Ruta Patavina  

  Colchicum autumnale

   

 

 

 

 



 


 

 

Nome italiano:

Colchico, Colchico d'Autunno, Falso Zafferano, Giglio Matto, Freddolina, Efemero.

Famiglia: Liliaceae.

Etimologia.

Il nome proviene dal toponimo della regione Kolchis, cioè Colchide, sulla costa orientale del Mar Nero, patria della mitica maga Medea, esperta nella preparazione di potenti veleni.

Descrizione.

Pianta erbacea perenne, dal cui bulbo ovale e profondo, sul finire dell'estate spuntano direttamente uno-tre fiori bianco rosati, ciascuno dei quali forma nella parte inferiore un tubo delicato e chiaro, lungo anche 20 centimetri. Le foglie, grandi, lanceolate, lucide e leggermente carnose, compaiono in numero di due o tre nella primavera successiva e accompagnano generalmente il frutto, che è una capsula grande come una noce. La piantina vive in colonie.

Fioritura.
Agosto-Settembre.

Habitat.
Prati grassi e umidi delle valli di montagna. Ai margini dei boschi.

Distribuzione.

Comune. Specie centro europea.

Parti velenose.

Tutta la pianta, specialmente i semi e il bulbo.

Principi attivi.

L'alcaloide colchicina e il glucoside colchicoside, inulina, asparagina e alcune resine.

Impiego terapeutico.

L'uso familiare di questa pianta deve essere assolutamente escluso. Sembra dia benefici nella gotta acuta, ma non nella cronica. La pianta è stata abbandonata come diuretico, analgesico e antinfiammatorio nei reumatismi e nelle artriti. Il dosaggio individuale infatti è difficile da definire, l'azione è incerta e fenomeni di accumulo provocano avvelenamenti anche molto gravi. In ogni caso l'uso dovrebbe avvenire sotto stretto controllo medico, solo su pazienti ospedalizzati con funzionalità renale e intestinale integre.
Esternamente, in pomata, ha azione antipruriginosa, antinevralgica, analgesica.

Intossicazione.

L'effetto tossico del colchico può manifestarsi anche durante una terapia sovradosata o comunque con dosaggi individuali eccessivi, vista anche la lenta eliminazione della colchicina che si accumula nell'organismo. L'energica azione purgativa è la prima manifestazione di avvelenamento. Altri sintomi sono il bruciore alla gola, sete intensa, dolori gastrici, vomito, sudori freddi, crampi dolorosi. Infine emorragie non controllabili, ipotensione e morte per insufficienza respiratoria e collasso cardiocircolatorio.

Curiosità

La tossicità del colchico era nota fin nell'antichità: la medicina araba lo usava come diuretico e purgante.
Alla fine del 1600, per salvaguardarsi dalle epidemie di peste, taluni appendevano al collo il bulbo del colchico.
La pianta normalmente non viene mangiata dal bestiame, che la evita.

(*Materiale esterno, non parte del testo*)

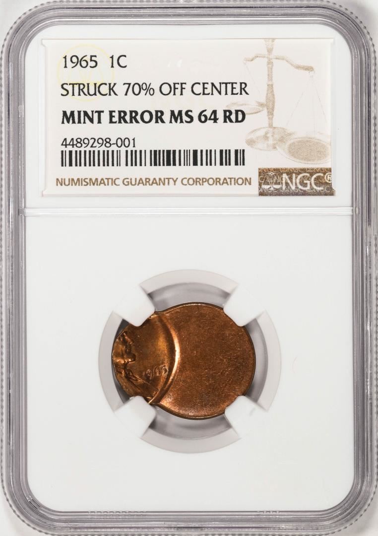 One 1965 Lincoln Memorial Cent Coin Struck 70% Off Center NGC Mint Error MS64RD. NGC Certified.

Solo ovini e caprini la tollerano in parte, ma producono latte avvelenato.
Le preparazioni con semi sono circa cinque volte più attive di quelle con bulbi.
L'uso della colchicina fu tentato anche nella terapia delle neoplasie, ma venne abbandonata per l'alta tossicitè.
La colchicina interviene nella riproduzione cellulare durante la metafase, bloccando la divisione allorché i cromosomi sono già raddoppiati: si origina così una cellula con patrimonio cromosomico doppio. Spesso questa proprietà viene sfruttata per ottenere piante poliploidi, che possono essere più belle o più utili di quelle con numero cromosomico normale.

Note.

Bastano 40 milligrammi di colchicina per causare morte certa (sono stati osservati casi letali addirittura con soli 6 mg). Gli effetti tossici si possono constatare solo portando alla bocca le dita con cui si sono manipolati gli stami del colchico.

Esiste un'altra specie di colchico utilizzata per bordure, per ornare tappeti erbosi, zone comprese tra piccoli arbusti o per il giardino roccioso: il colchico superbo, (colchicum speciosum), originario del Caucaso e dell'Oriente.
Esso è sempre una pianta perenne, bulbosa, con fusto recante foglie di 15-30 centimetri, larghe e ottuse, e fiori dal tubo assai lungo e a sei divisioni uguali di 6-7 centimetri, di color rosa porpora vivo macchiati di giallo nella gola.
Fiorisce a settembre-ottobre e si pianta in estate affinché fiorisca in autunno.
Si moltiplica per divisione dei bulbi in ottobre-novembre 20-30 giorni dopo la fioritura.
L'esposizione consigliata è quella a mezz'ombra o in pieno sole, mentre come substrato è sufficiente la terra normale da giardino.
Le annaffiature devono essere frequenti, ma non copiose, mentre è importante che il terreno abbia sempre un buon grado di umidità.